The live worship was powerful and lifted my spirit. It ministered to me and reminded me of things I knew in my head but needed to feel again in my heart.
Our small group table of 9 women were so sweet. I only knew one of them. But we shared stories together. How we met Jesus. How he was growing us. I went feeling so depleted emotionally but I soaked up their stories and could see Jesus using our table to minister to my own heart. And one story in particular grabbed my heart in the most unusual way. I can’t explain it really. But it grabbled my heart possibly even more than all of the amazingly powerful speakers at the IF Gathering. And we’re talking amazing messages from people like: Angie Smith, Lauren Chandler, Jen Hatmaker, David Platt and so so many more. I’m still reading all my notes and marinating in the Truths that were delivered. Such good stuff there.

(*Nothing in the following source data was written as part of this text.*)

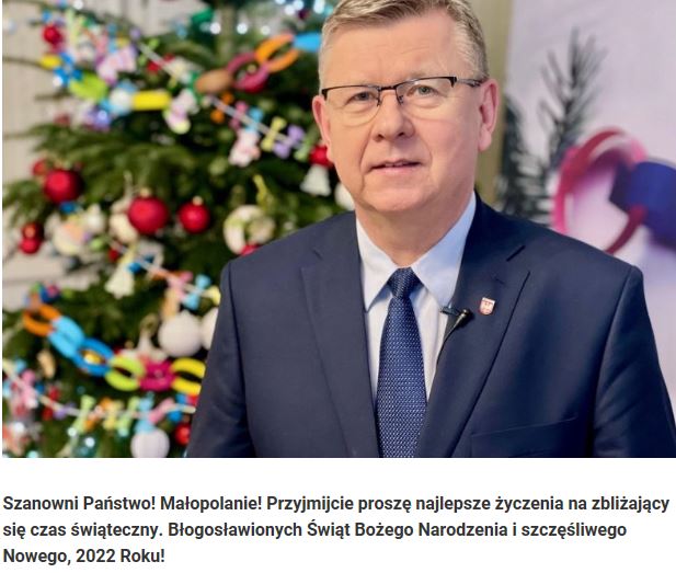 "Na te świąteczne dni życzę państwu zdrowia i nadziei płynącej z betlejemskiej stajenki. Choć na chwilę zapomnijmy o troskach dnia codziennego i bądźmy razem" – powiedział w nagraniu wideo marszałek Małopolski Witold Kozłowski. Podziękował także za aktywny udział w kampanii świątecznej województwa i wspólne stworzenie łańcucha dobra". "Drodzy Małopolanie. Niech nowy 2022 rok będzie dla nas wszystkich lepszy. Wypełniony wdzięcznością i serdecznym uśmiechem. Błogosławionych świąt Bożego Narodzenia i szczęśliwego nowego, 2022 roku" – zakończył marszałek.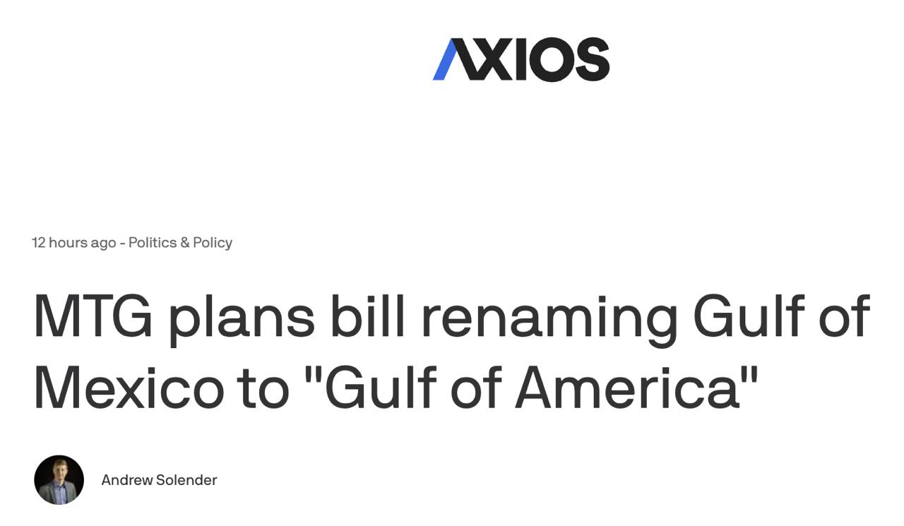 В одном из подкастов Тейлор Грин заявила, что "так воодушевилась, наблюдая за пресс-конференцией", что дала указание своим сотрудникам немедленно подготовить законопроект. В издании пока не понимают, как законопроект будет предусматривать изменение названия, однако по словам республиканки, федеральным агентствам, включая армию США, потребуется сделать "Залив Америки" официальным названием, которое они используют для обозначения залива.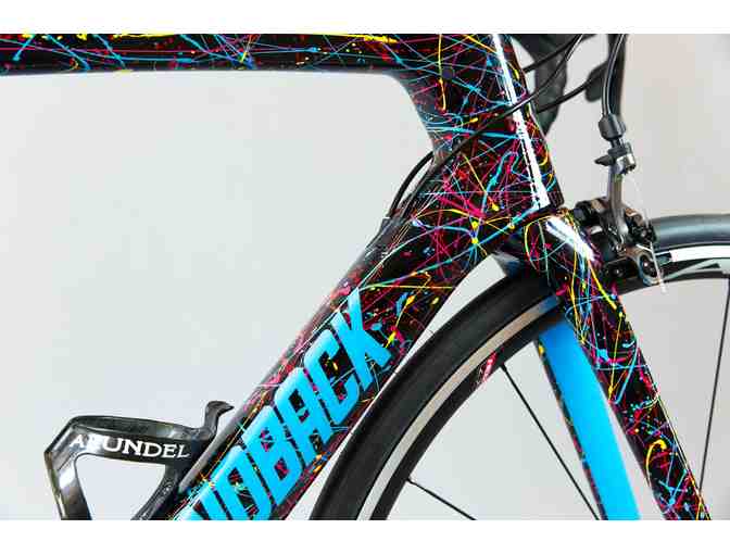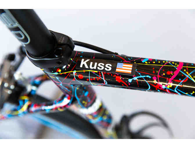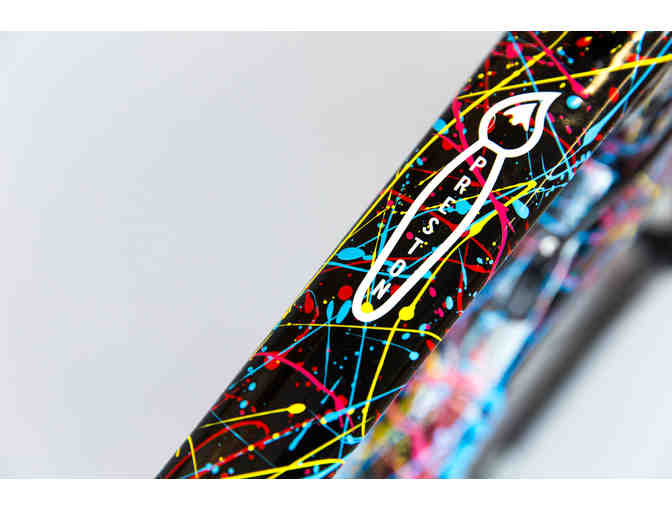 A wise response to the question "what do you want to be when you grow up" inspired Artist. Preston, 9, of Texas “wants to be an artist, because you can use your imagination to create something that people will enjoy looking at forever." In a style reminiscent of Jackson Pollock's iconic abstract expressionism, the bike begins with a black "canvas" and is drizzled with primary colors and finished with baby blue chainstay, fork and logo accents. For those of us who remember it, this bike may also remind us of a certain decade with a very distinct aesthetic. Artist is a 54 cm frame. The bike will be raced by Sepp Kuss of the Rally Cycling team at the 2017 Amgen Tour of California, one of the world’s biggest bike races.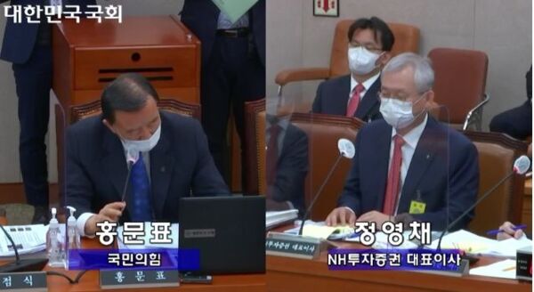 홍문표 국민의힘 의원이 '옵티머스 사태'와 관련해 NH투자증권의 옵티머스크리에이터 펀드 가입 권유 여부를 물었다.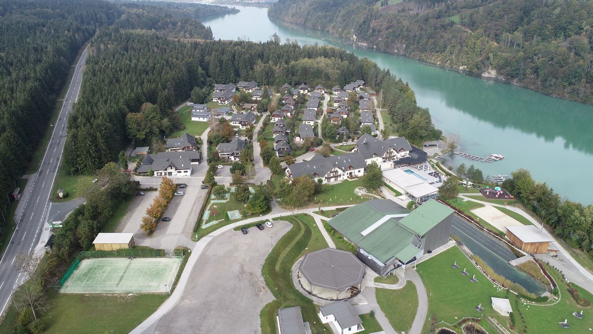 liegt ca. 2 km außerhalb des Ortes Feistritz im Rosental, unmittelbar am herrlichen Draustausee der hier eine Länge von etwa 18 km aufweist. Im Dorf haben wir sieben 6-Familienhäuser und etwa 35 Einfamilienhäuser. Die Häuser werden teilweise von ihren Eigentümern selbst bewohnt, teilweise fest vermietet oder auch, so wie wir das machen, an Feriengäste vermietet.
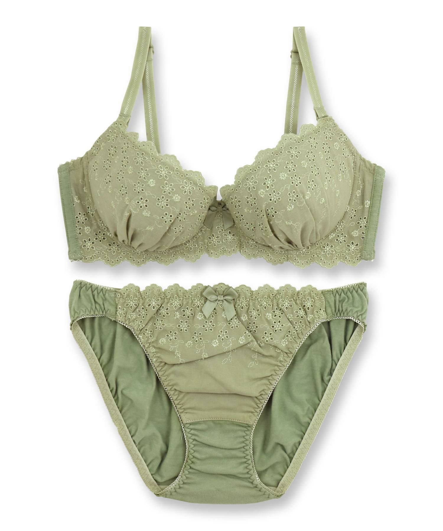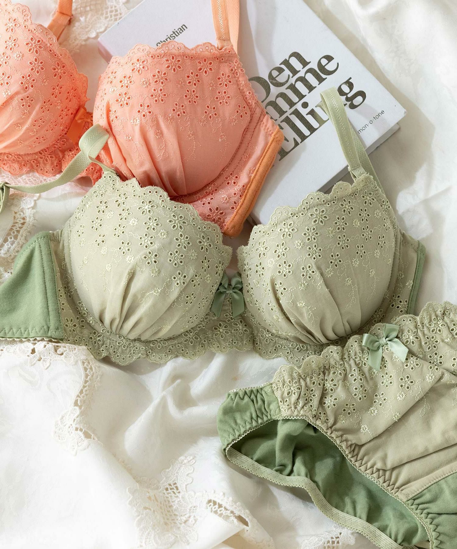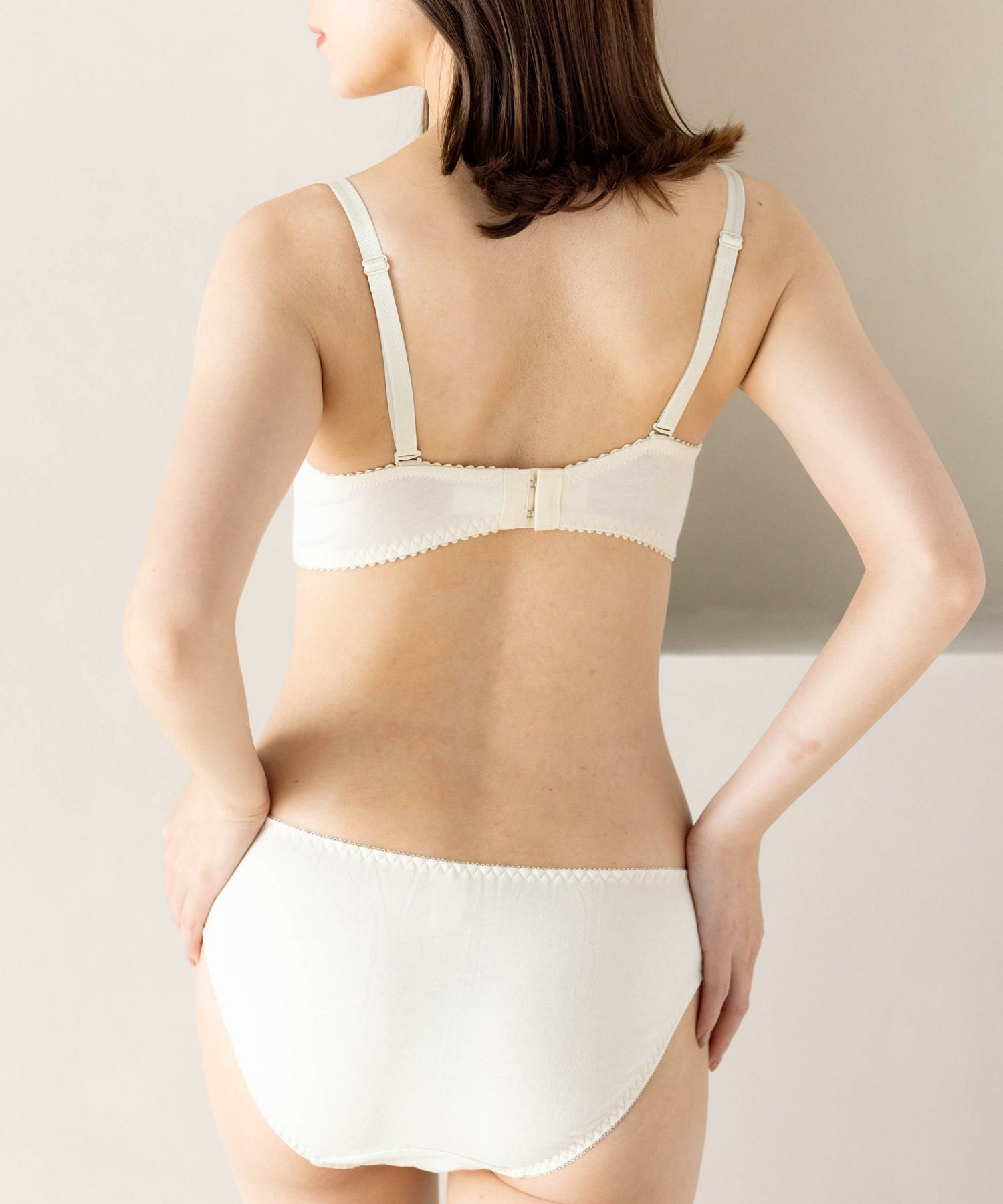 シンプル&ナチュラルなデザインにふわっと柔らかさを添えたコットンレースのデザイン。お肌のデリケートな部分に触れる、ブラのカップ裏やショーツのマチ裏は肌に優しい綿100%の天竺綿を使用しているのも人気の秘密。

But this story that I can’t keep thinking about is how one of the young women at my table encountered Jesus. Her story is this:
She grew up in an abusive home with parents addicted to drugs. She and her sister were scared a lot and they hid in the closet when things got really bad. The girl told how one good memory she has of her Mom is going yard sale shopping on Saturday mornings. One day she found a bundle of books she wanted and her Mom let her buy them. She took them home but didn’t read them immediately. But one night when she and her sister were hiding in their closet while all hell broke loose around them she found one of the books from the yard sale. It was a Precious Moments Bible. And she read for the first time about how Jesus loved her. She went on to explain that she felt a peace come over her and she knew she was loved.
Wow. I can’t get that picture out of my head…..two little girls hiding from their parents out of sheer fear and Jesus coming to them.
Emmanuel. God with us. In our closets when we’re huddled in fear. That kind of with us.
I just can’t get it out of my head. And I hope I never do. This is the God that loves us. That is astounding.
I thought this Monday morning post would be about the awesome session from David Platt on discipleship or Angie Smith’s impromptu Holy Spirit led session that rocked the room but really it was Jesus meeting that little girl in her closet that just made me fall in love with him even more.
So I’m reminded when we get that, “uhhhhh I really don’t want to go to Bible study, church, small group, that conference…….” we just gotta go anyways. And He’ll meet us there in ways we couldn’t even imagine.